[Problem description]
Go through the listing below and repeat it exactly, omitting each picture.

___ Records for the exercise ___

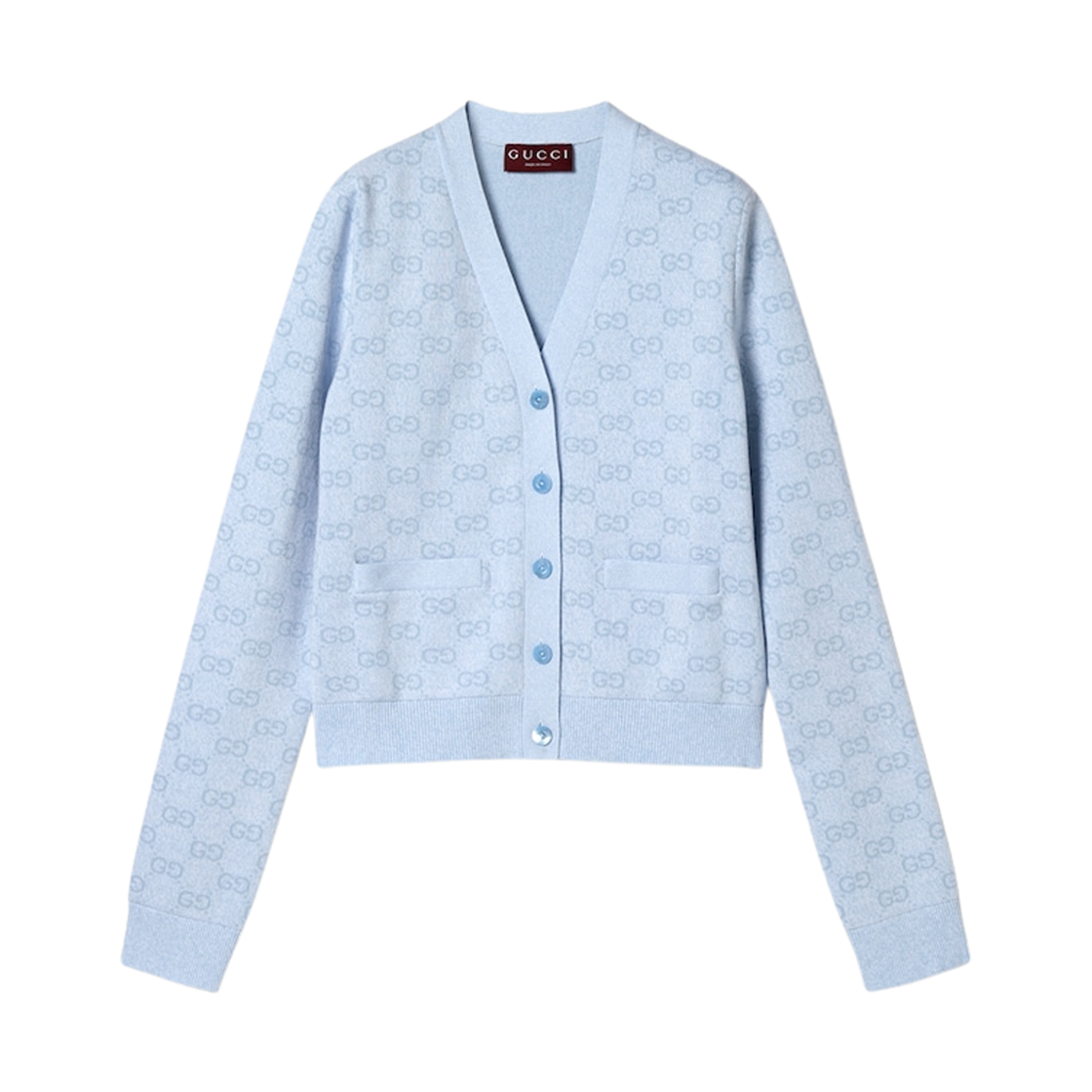 (W) 구찌 파인 코튼 GG 자카드 가디건 라이트 블루 화이트
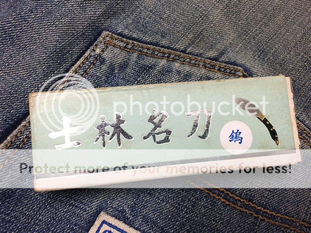 Box written as Shilin famous knife with a sticker written as "W/Tungsten" on it.
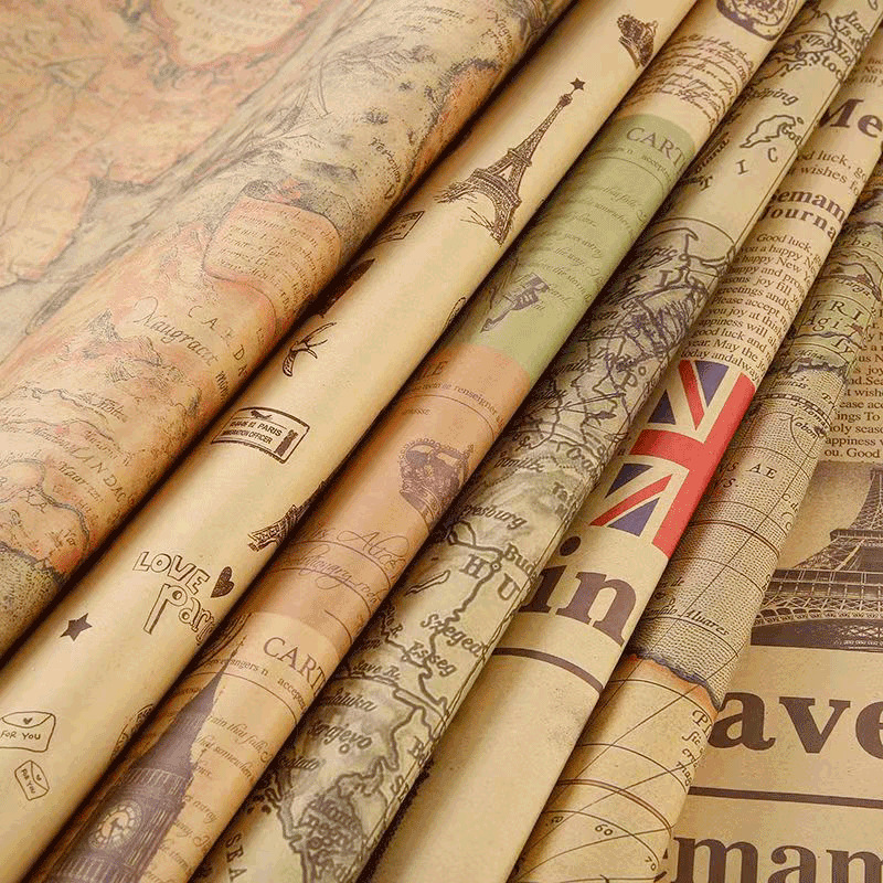 レトロ包装紙プレゼント花花束包装大枚クラフト紙カバー英倫風現物卸売り
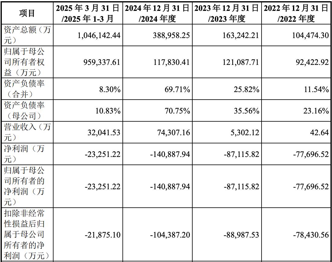 2022年、2023年和2024年度以及2025年第一季度,沐曦股份的營收分別約為42.64萬元、5302.12萬元、7.43億元和3.20億元,凈虧損分別約7.77億元、8.71億元、14.09億元和-2.33億元,扣非后凈利潤分別約-7.84億元、-8.90億元、-10.44億元和-2.19億元。
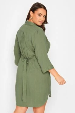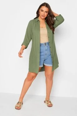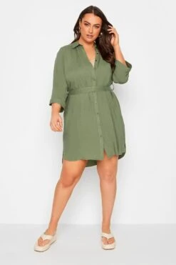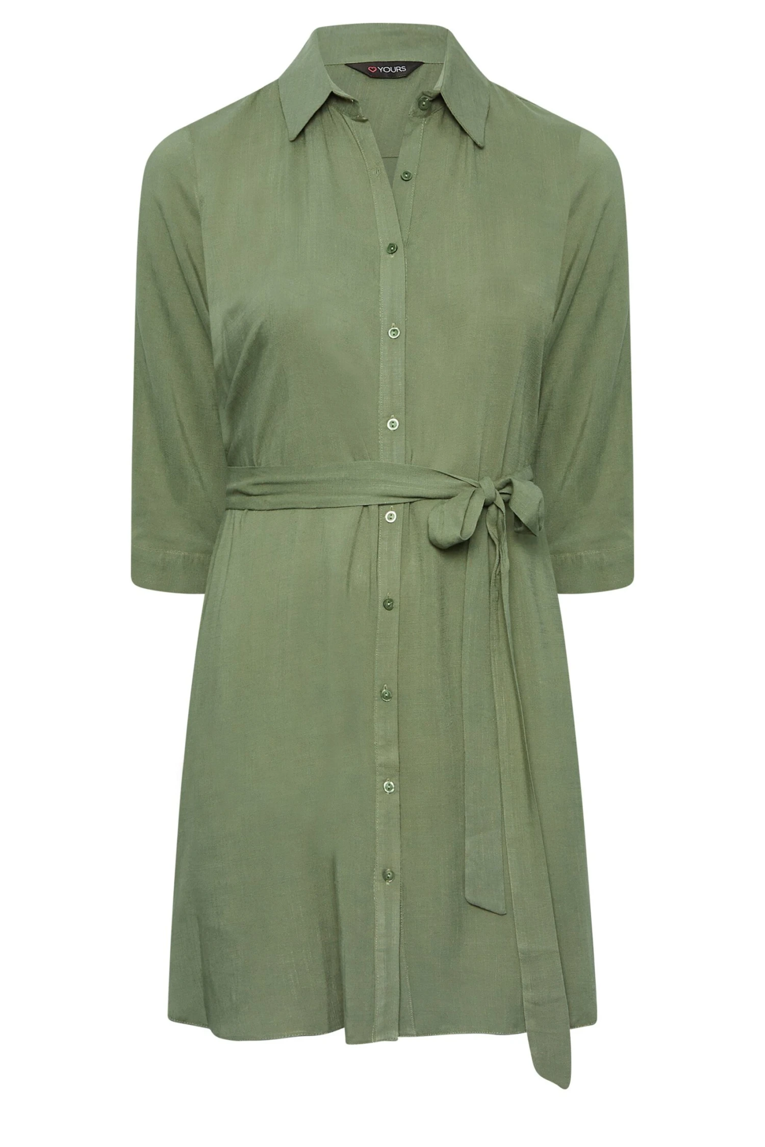 This plus size tunic shirt is a summer staple. Featuring a flattering tie waist belt and 3/4 length sleeves, it is finished with a classic collar, button fastenings, and a dipped hem. Style with shorts and trainers for a summer look you’ll wear on repeat.

___

[Exercise output]
 (W) 구찌 파인 코튼 GG 자카드 가디건 라이트 블루 화이트
 Box written as Shilin famous knife with a sticker written as "W/Tungsten" on it.
 レトロ包装紙プレゼント花花束包装大枚クラフト紙カバー英倫風現物卸売り
 2022年、2023年和2024年度以及2025年第一季度,沐曦股份的營收分別約為42.64萬元、5302.12萬元、7.43億元和3.20億元,凈虧損分別約7.77億元、8.71億元、14.09億元和-2.33億元,扣非后凈利潤分別約-7.84億元、-8.90億元、-10.44億元和-2.19億元。
 This plus size tunic shirt is a summer staple. Featuring a flattering tie waist belt and 3/4 length sleeves, it is finished with a classic collar, button fastenings, and a dipped hem. Style with shorts and trainers for a summer look you’ll wear on repeat.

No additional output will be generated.